Brief =
The range runs from the line containing "線香花火を逆さにしたような姿と、赤く色づいた実を愛でることにします🍀" through the last line of the material below; retype it exactly, leaving out the pictures.

Input material =
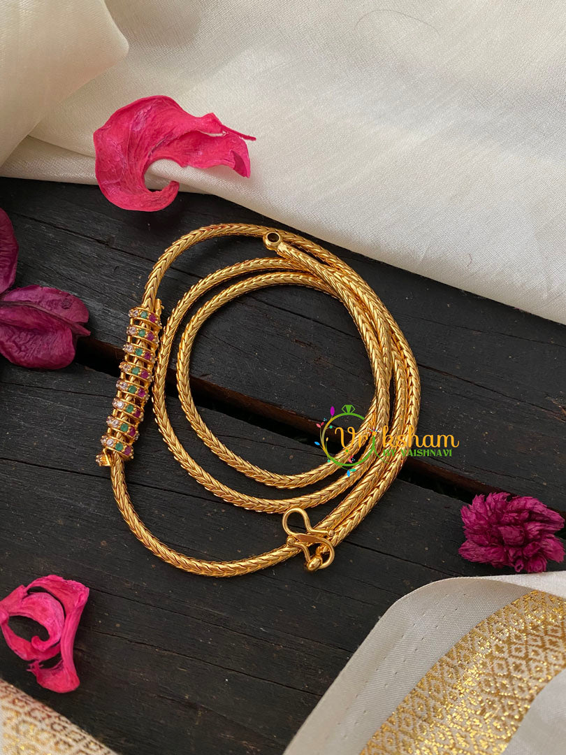 Traditional AD Stone Mogappu Chain-Red White Green- Long Spiral pattern stone studded mugappu chain/Mogappu chain.
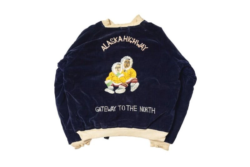 日本産とは趣の異なるアラスカのエスキモーパターン。ボディは別珍で袖には王道の犬ぞりで裏地は鹿。裏地は引きの美学を感じられるディアヘッドのみ。背面のALASKA HIGHWAYとは、軍用に建設され、戦後に一般開放された。
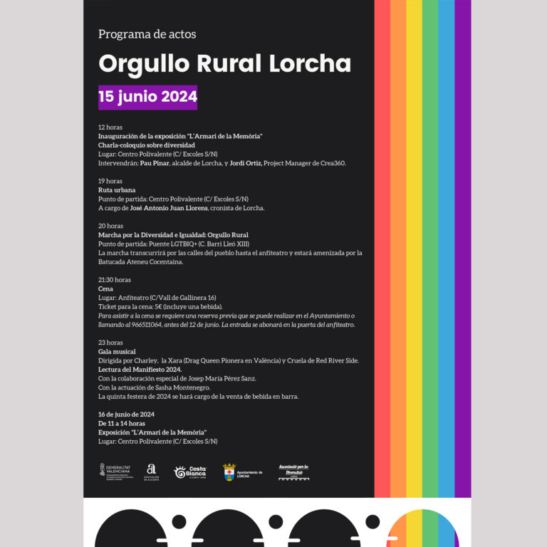 El pròxim 15 de juny l’Orxa celebrarà el dia de l’Orgull Rural LGTBIQ+. Una jornada que arrancarà a les 12 amb la inauguració de l’exposició «L’Armari de la Memòria» en el Centre Polivalent.
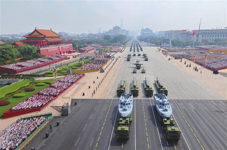 战旗猎猎,铁流滚滚。80面抗战英模部队荣誉旗帜组成的战旗方队,承载着历史荣光浩荡而来。这些英雄的旗帜、胜利的旗帜、不朽的旗帜,激励着人民军队勇往直前。装备方队编组陆上作战群、海上作战群、防空反导群、信息作战群、无人作战群、后装保障群、战略打击群隆隆驶来,接受检阅。新型坦克、无人智能、网电作战、高超声速、防空反导、战略导弹……从抗战时期土枪土炮到今天新型作战力量,国产现役主战装备和战略重器在天安门城楼前一一通过,展示坚决捍卫国家主权安全发展利益、坚定维护世界和平的钢铁意志和强大实力。
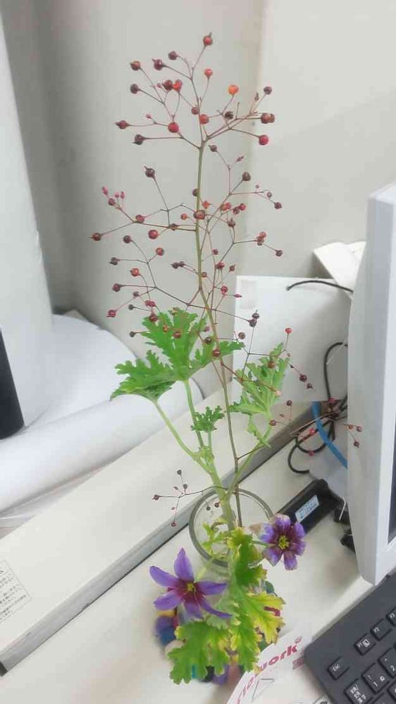 線香花火を逆さにしたような姿と、赤く色づいた実を愛でることにします🍀
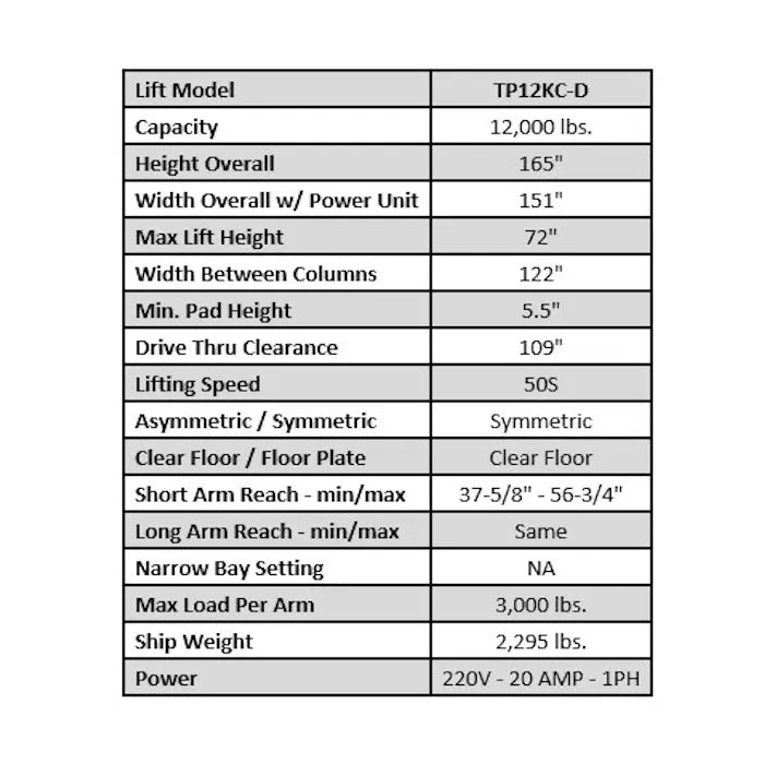 - Capacity: 12,000 lbs.
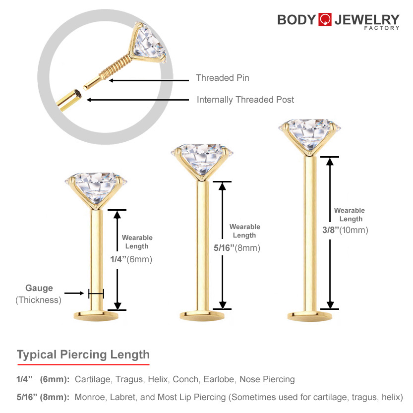 1/4" (6 mm): Fits most cartilage, tragus, helix, conch, earlobe, and nose piercings
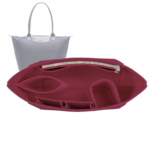 Lckaey Felt Purse Organizer Insert for Longchamp Le Pliage Large Tote, Red, M/12.8*4.9*7.8in AG

Exercise answer =
 線香花火を逆さにしたような姿と、赤く色づいた実を愛でることにします🍀
 - Capacity: 12,000 lbs.
 1/4" (6 mm): Fits most cartilage, tragus, helix, conch, earlobe, and nose piercings
 Lckaey Felt Purse Organizer Insert for Longchamp Le Pliage Large Tote, Red, M/12.8*4.9*7.8in AG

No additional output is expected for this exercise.